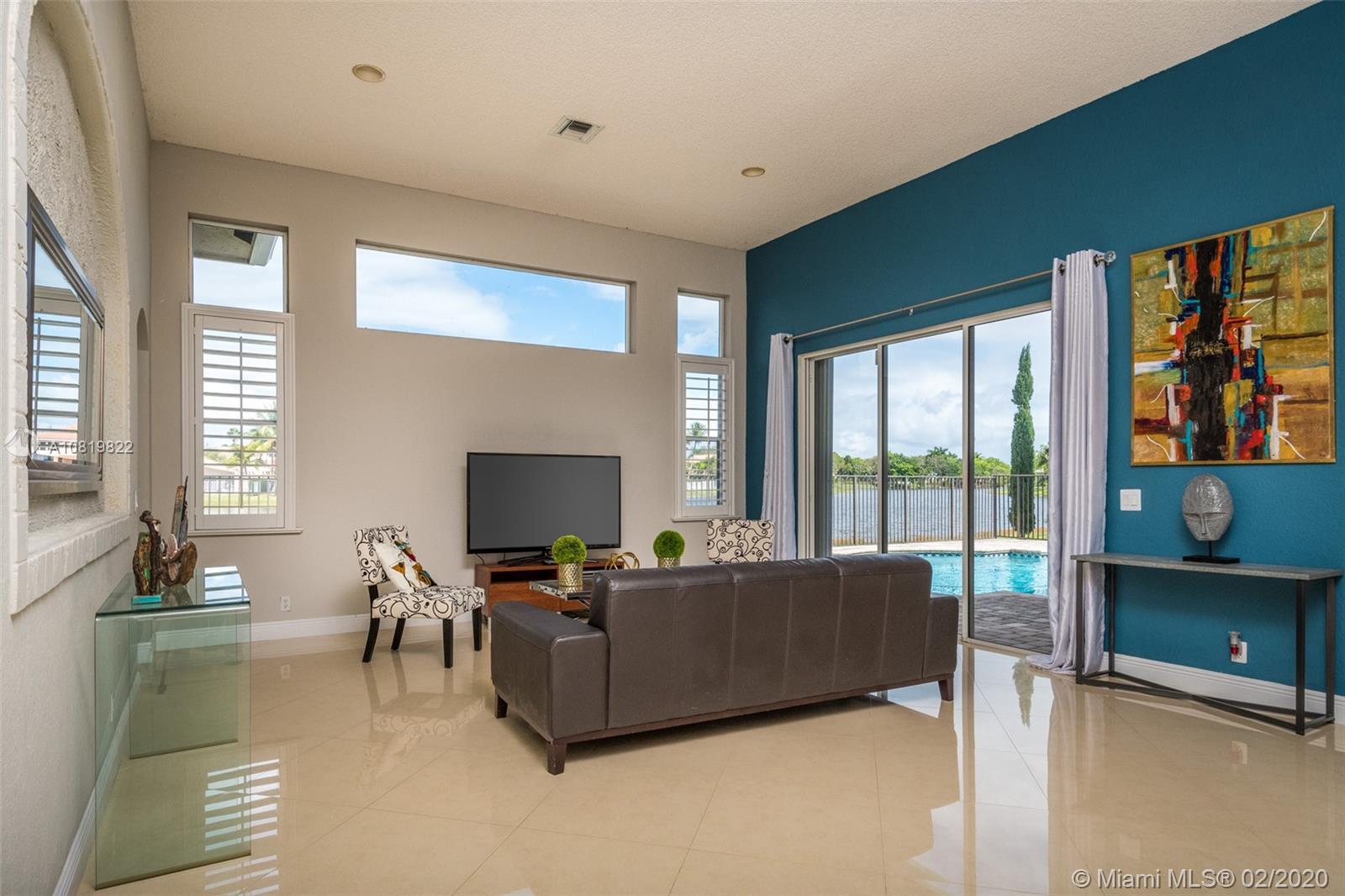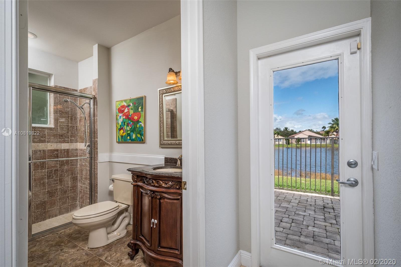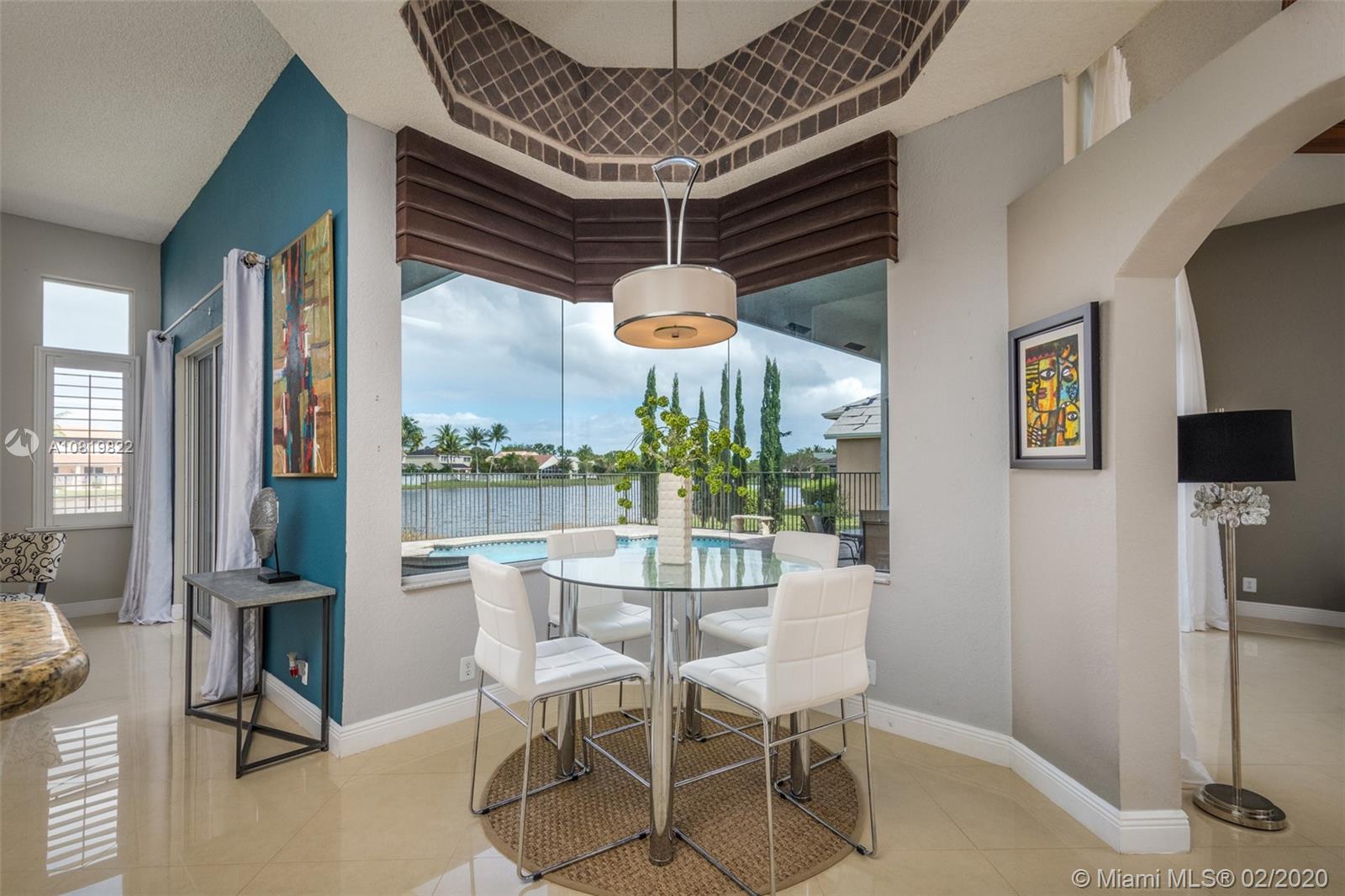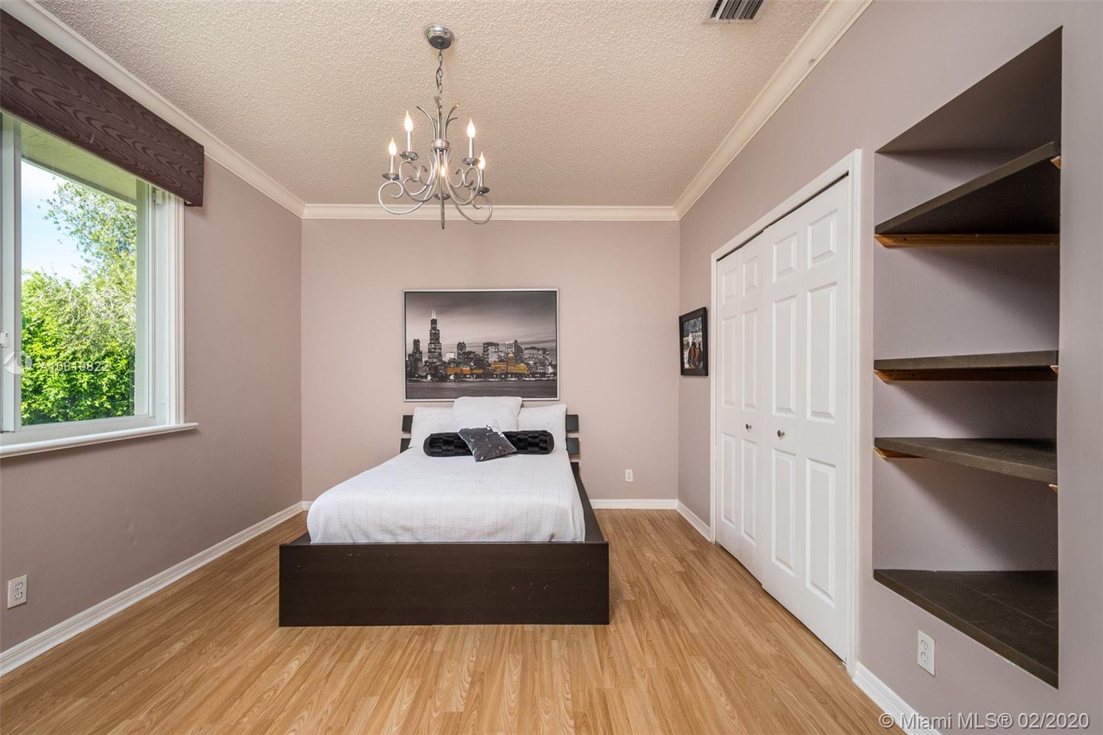 Check out our new 3D tour. Tucked on a quiet cul de sac street this custom built home features chicago brick driveway and walkway. This four bedroom plus office one story shows light and bright. Enjoy long lake views from expansive paver patio, remodeled pool with large overhang fully fenced yard. Neutral porcelain tile in living areas with soaring ceilings. Freshly painted interior. Enjoy contemporary white kitchen, granite countertops, center island and Stainless Steel appliances. Grand master bedroom with windows on water and pool. Master bath with roman tub, dual sinks and shower. Extensive crown molding. plantation shutters. Cabana bath and so much more.
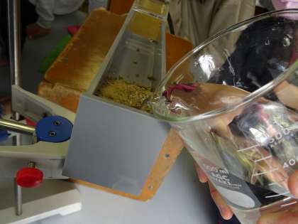大きな砂は下に,細かい泥は上に積もって層ができることが分かりました。
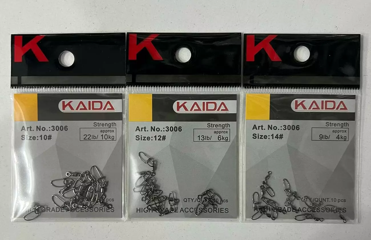 Вертлюг з застібкою KAIDA Art.3006 — практичний риболовний аксесуар для запобігання перекручуванню волосіні. Оснащений міцною застібкою для швидкої та зручної заміни оснасток і приманок. Підходить для донної, фідерної, поплавкової та спінінгової риболовлі.
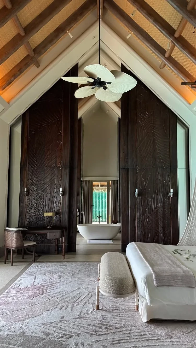 Помимо вида из иллюминатора и интерьера бунгало, манекенщик добавил видео, на котором Перминова запечатлена с букетом цветов и кокосом, а также совместный снимок. К последнему он добавил подпись: "Воссоединился с тобой", сопроводив её эмодзи в виде сердца.

______________________________

Word for word, reproduce the listing above; no image should be carried over.

 Check out our new 3D tour. Tucked on a quiet cul de sac street this custom built home features chicago brick driveway and walkway. This four bedroom plus office one story shows light and bright. Enjoy long lake views from expansive paver patio, remodeled pool with large overhang fully fenced yard. Neutral porcelain tile in living areas with soaring ceilings. Freshly painted interior. Enjoy contemporary white kitchen, granite countertops, center island and Stainless Steel appliances. Grand master bedroom with windows on water and pool. Master bath with roman tub, dual sinks and shower. Extensive crown molding. plantation shutters. Cabana bath and so much more.
大きな砂は下に,細かい泥は上に積もって層ができることが分かりました。
 Вертлюг з застібкою KAIDA Art.3006 — практичний риболовний аксесуар для запобігання перекручуванню волосіні. Оснащений міцною застібкою для швидкої та зручної заміни оснасток і приманок. Підходить для донної, фідерної, поплавкової та спінінгової риболовлі.
 Помимо вида из иллюминатора и интерьера бунгало, манекенщик добавил видео, на котором Перминова запечатлена с букетом цветов и кокосом, а также совместный снимок. К последнему он добавил подпись: "Воссоединился с тобой", сопроводив её эмодзи в виде сердца.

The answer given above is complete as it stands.